Requirement: All records are to be restated word for word, with pictures excluded.

Data to use:
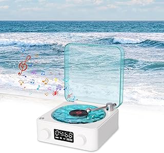 Waves Vinly Bluetooth Speaker, The Waves Vinly Player with Water Ripple Light, Retro Style Vinly Record Player, Aqua Speaker for Bedroom, Office, Party (White) |
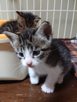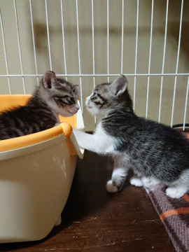 今はまだ兄妹で仲良くじゃれあって遊んでいます。子猫の健やかな成長のため、2ヶ月間の社会化期が過ぎてからの譲渡とさせていただきます。
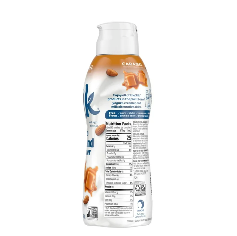 - Lusciously Creamy: One 32 fl oz Silk Caramel Dairy Free, Gluten Free Almond Creamer Carton
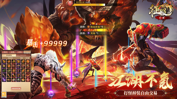 -百倍爆率自由交易全屏收割,滿(mǎn)屏掉落,極品裝備全靠打,開(kāi)放式的游戲玩法,和兄弟一起稱(chēng)霸指尖江湖。
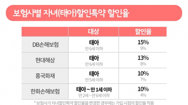 '자녀(태아)할인특약' 상품이 있는
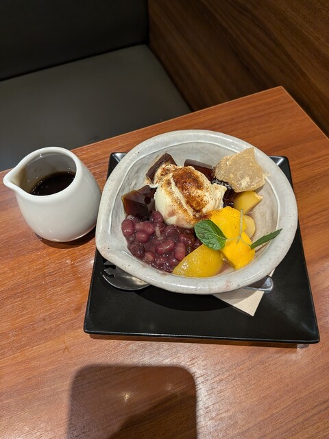 ➡寒天の代わりにコーヒーゼリーが入ったちょっとビターなあんみつ!黒蜜と相性バツグンです◎
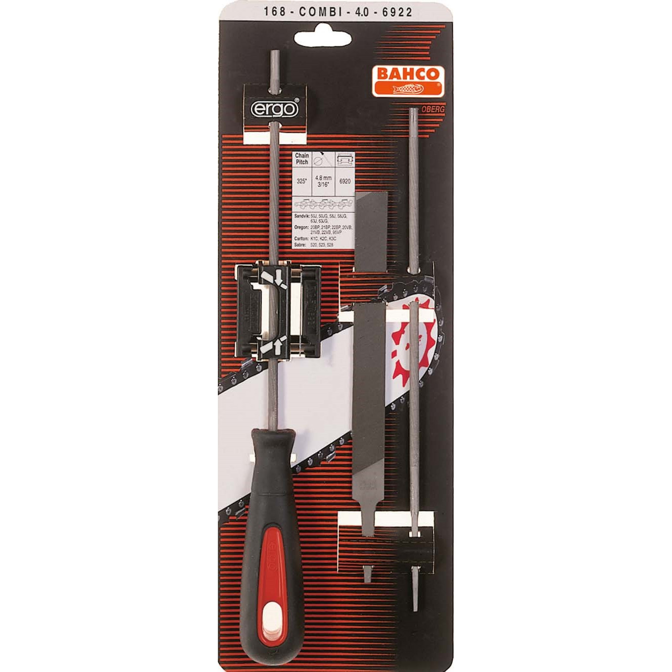 Kombinationsförpackning med två runda sågkedjefilar 168. En fil med Ergo filskaft. Förpackningen innehåller dessutom en 6″ flat sågkedjefil. En filmall är också inkluderad för att garantera bästa möjliga filningsresultat både med den runda och den flata sågkedjefilen.
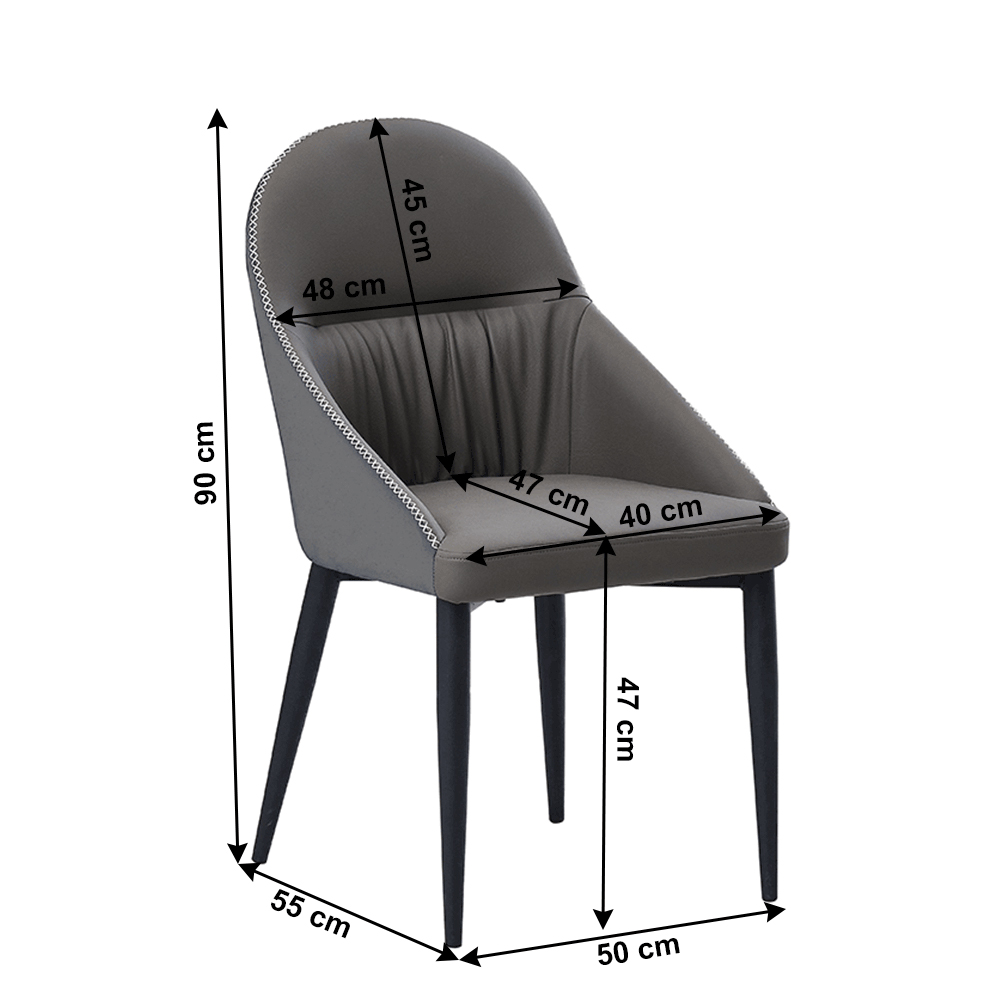 Scaun de sufragerie confortabil de stil cu textil și piele ecologică pe picioare metalice.
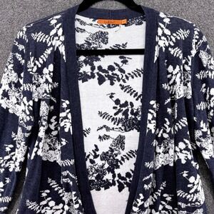 Belldini Womens XL Navy Blue White Floral Fern Open Front Cardigan Sweater
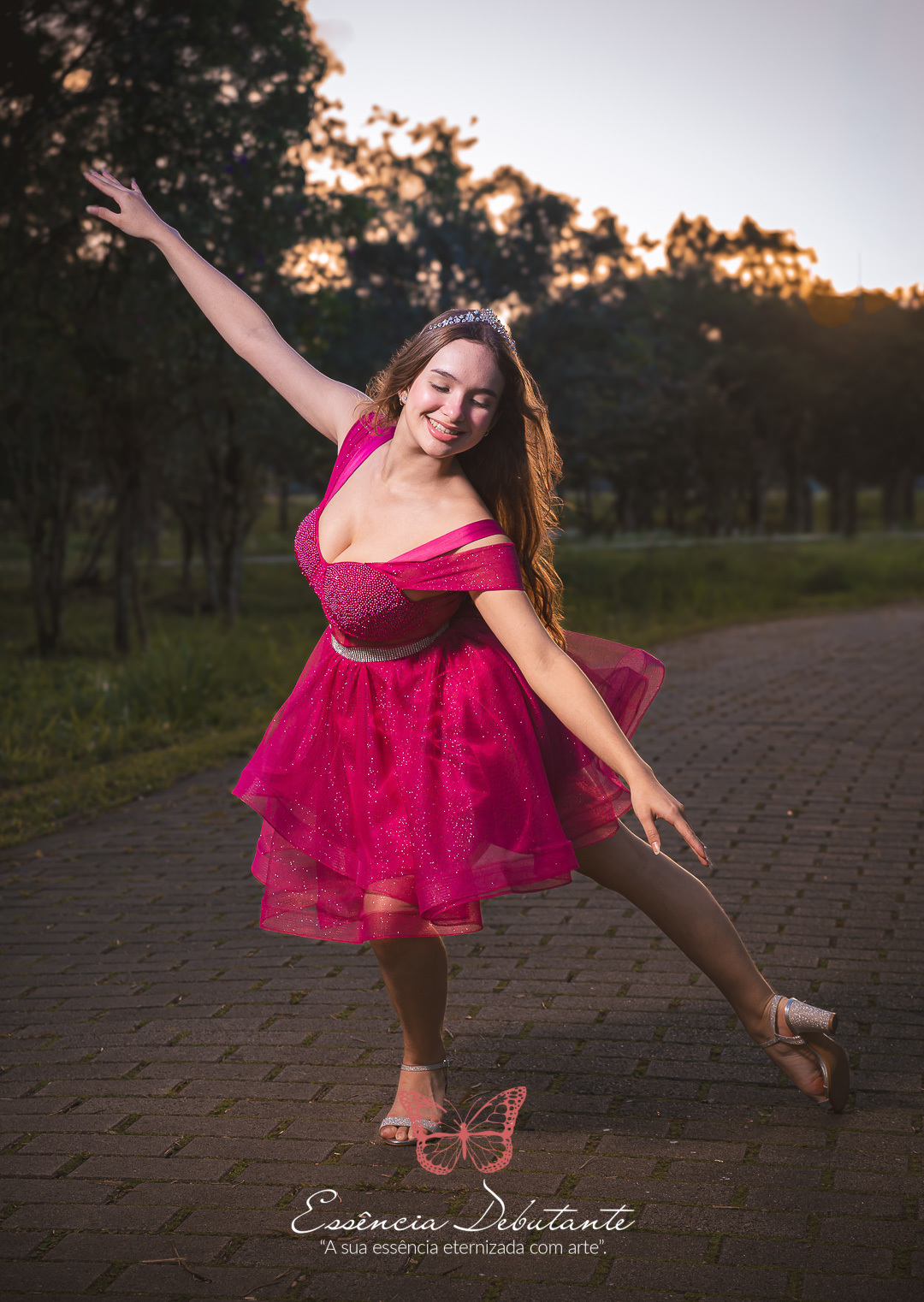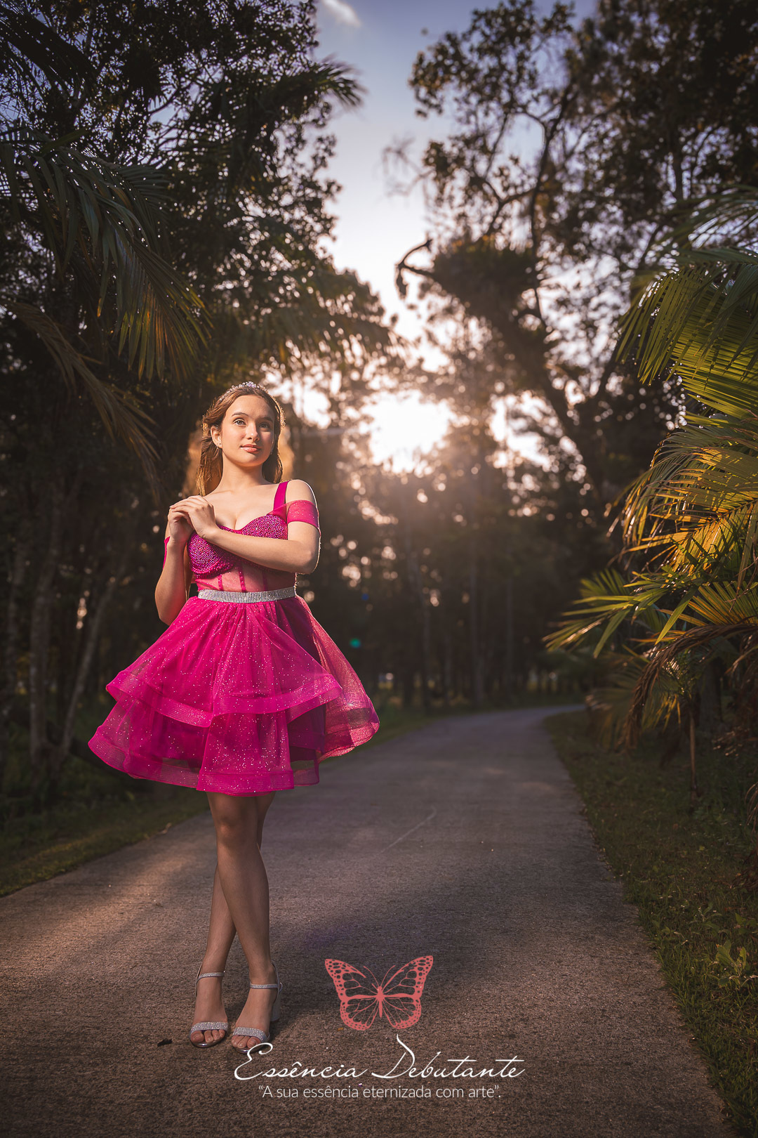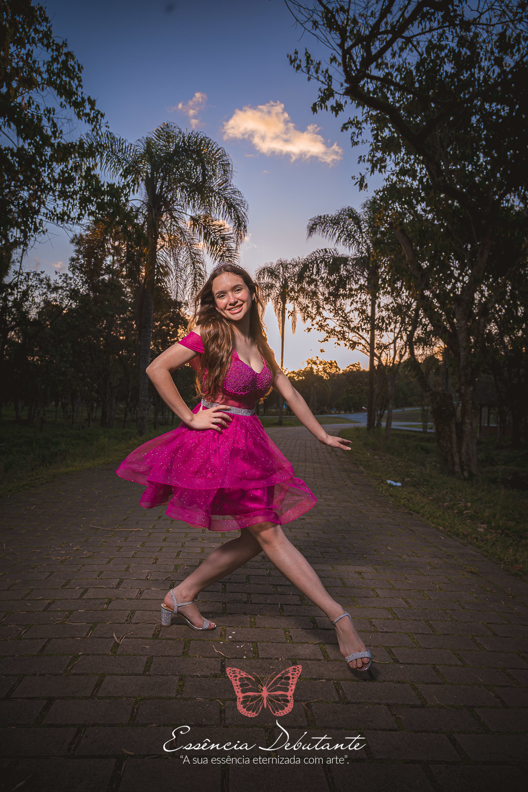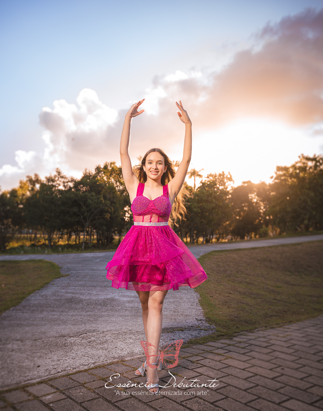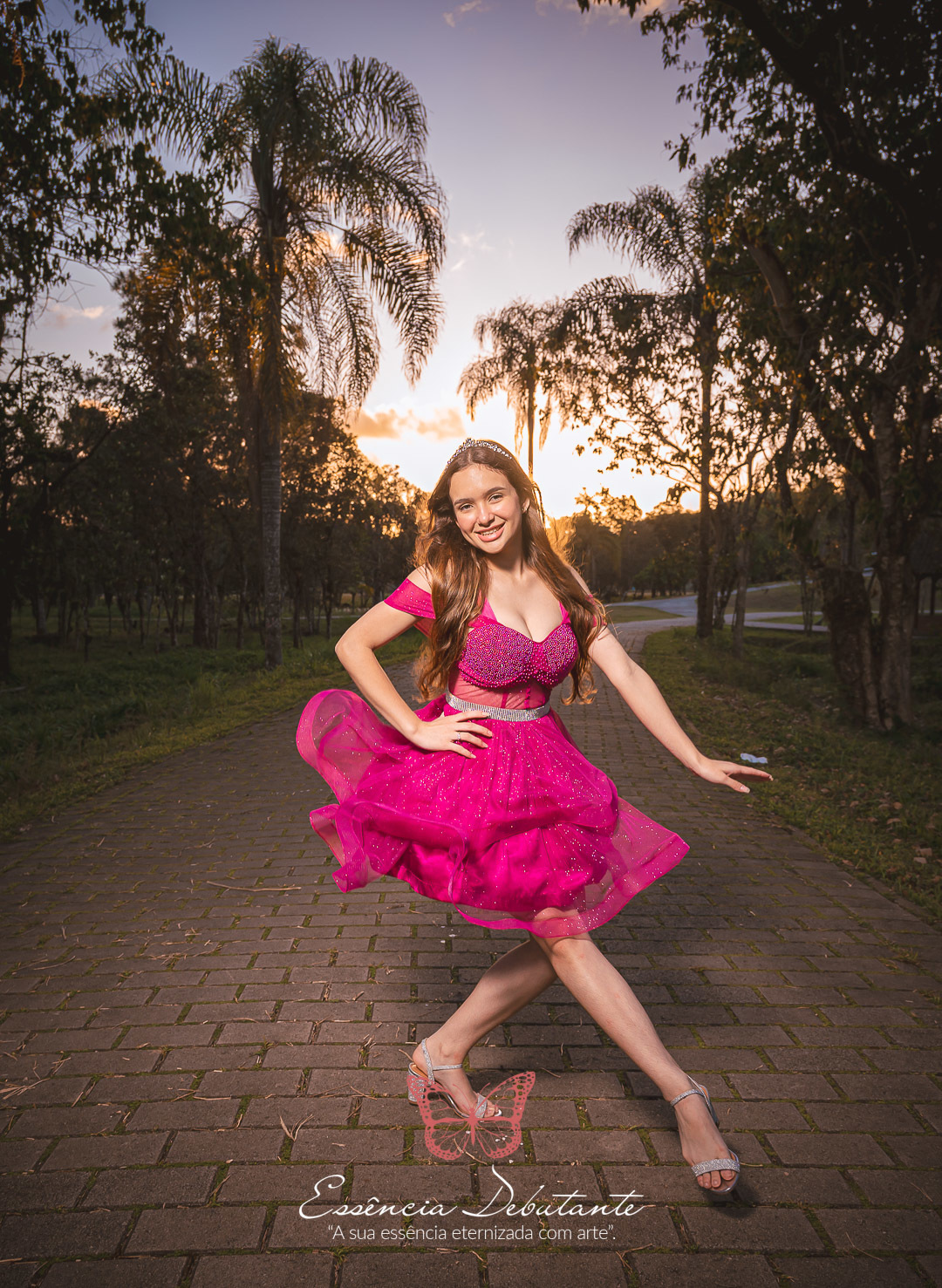 Entre o brilho do vestido e o dourado do entardecer, cada clique revela mais do que uma imagem — revela um sentimento.
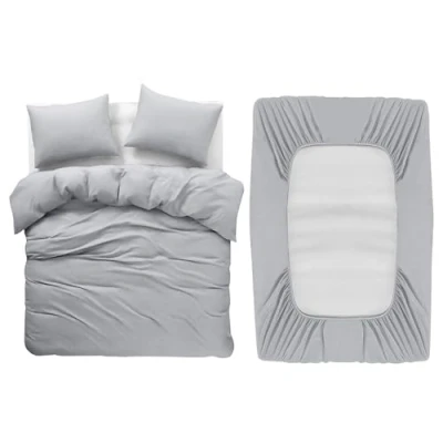 BedLooms 4 Piece Super King Bedding Set Silver Duvet Cover Sets Fitted Sheet with Pilow cases Superking Soft and Fade Resistant Brushed Microfiber Quilt
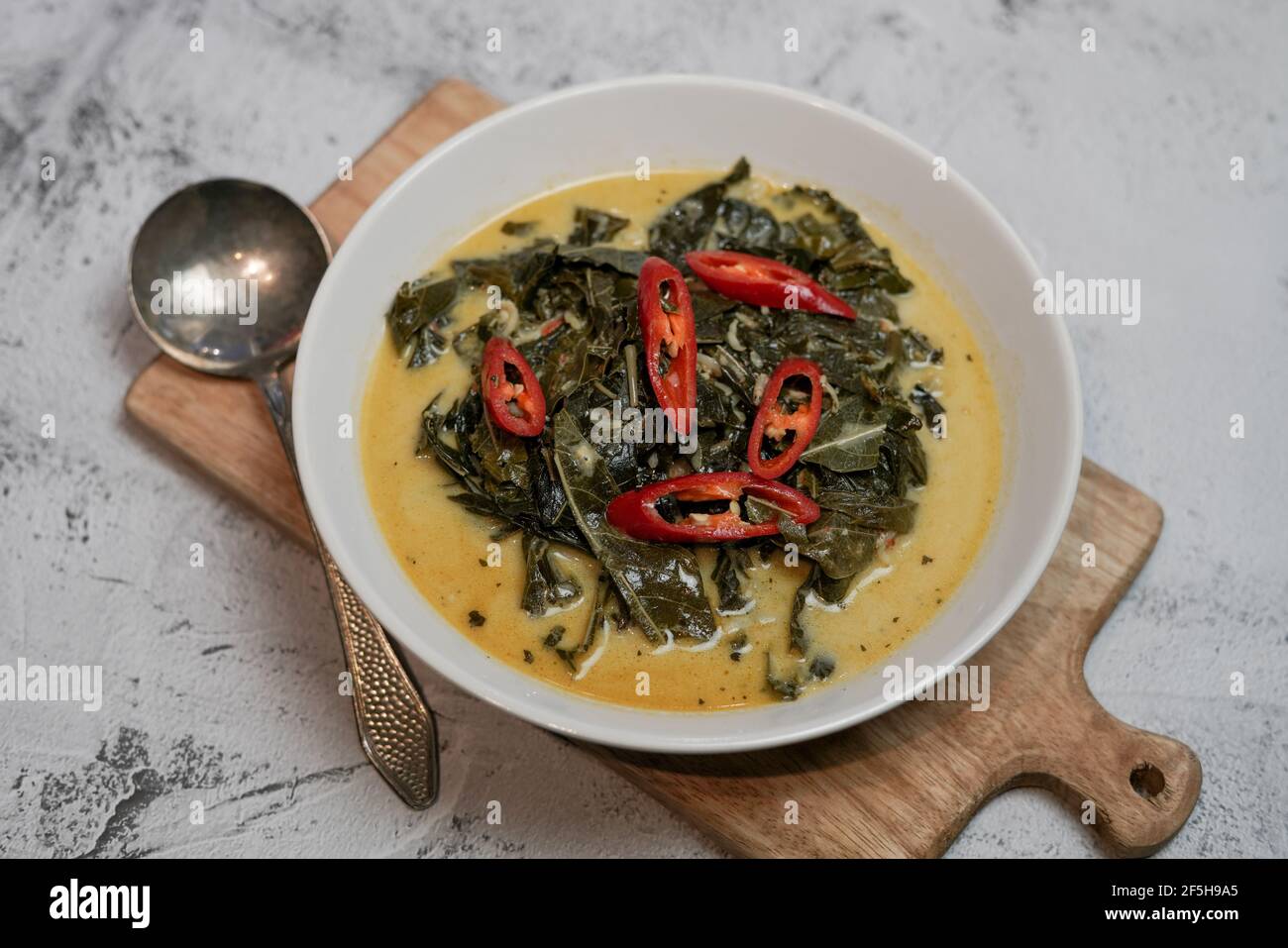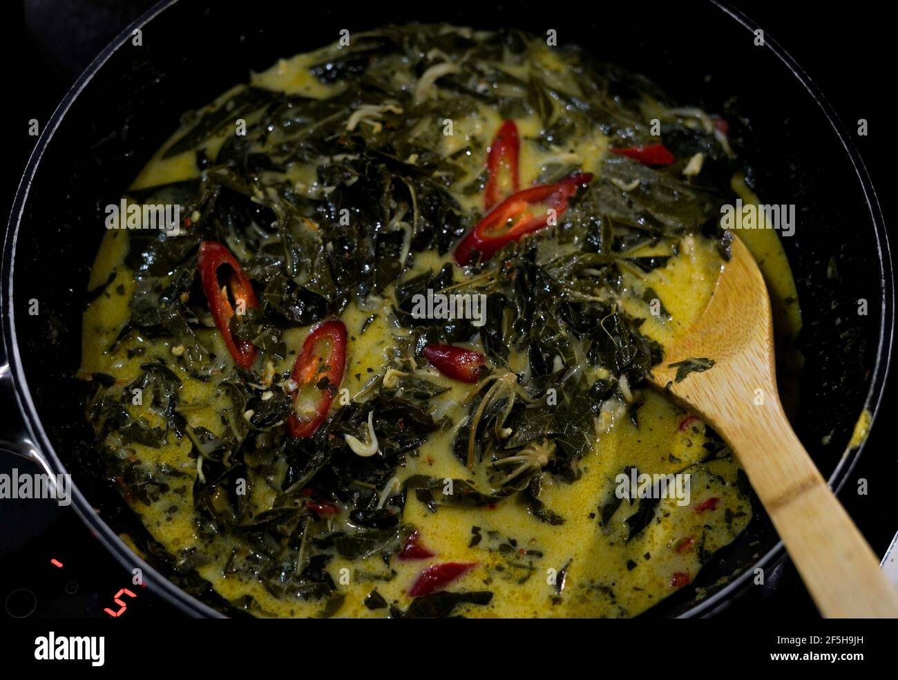 Indonesian Food Made From Tapioca Or Cassave Leaves Cooked With Coconut Milk Gulai Daun Singkong Stock Photo Alamy

Exercise result:
 Waves Vinly Bluetooth Speaker, The Waves Vinly Player with Water Ripple Light, Retro Style Vinly Record Player, Aqua Speaker for Bedroom, Office, Party (White) |
 今はまだ兄妹で仲良くじゃれあって遊んでいます。子猫の健やかな成長のため、2ヶ月間の社会化期が過ぎてからの譲渡とさせていただきます。
 - Lusciously Creamy: One 32 fl oz Silk Caramel Dairy Free, Gluten Free Almond Creamer Carton
 -百倍爆率自由交易全屏收割,滿(mǎn)屏掉落,極品裝備全靠打,開(kāi)放式的游戲玩法,和兄弟一起稱(chēng)霸指尖江湖。
 '자녀(태아)할인특약' 상품이 있는
 ➡寒天の代わりにコーヒーゼリーが入ったちょっとビターなあんみつ!黒蜜と相性バツグンです◎
 Kombinationsförpackning med två runda sågkedjefilar 168. En fil med Ergo filskaft. Förpackningen innehåller dessutom en 6″ flat sågkedjefil. En filmall är också inkluderad för att garantera bästa möjliga filningsresultat både med den runda och den flata sågkedjefilen.
 Scaun de sufragerie confortabil de stil cu textil și piele ecologică pe picioare metalice.
 Belldini Womens XL Navy Blue White Floral Fern Open Front Cardigan Sweater
 Entre o brilho do vestido e o dourado do entardecer, cada clique revela mais do que uma imagem — revela um sentimento.
 BedLooms 4 Piece Super King Bedding Set Silver Duvet Cover Sets Fitted Sheet with Pilow cases Superking Soft and Fade Resistant Brushed Microfiber Quilt
 Indonesian Food Made From Tapioca Or Cassave Leaves Cooked With Coconut Milk Gulai Daun Singkong Stock Photo Alamy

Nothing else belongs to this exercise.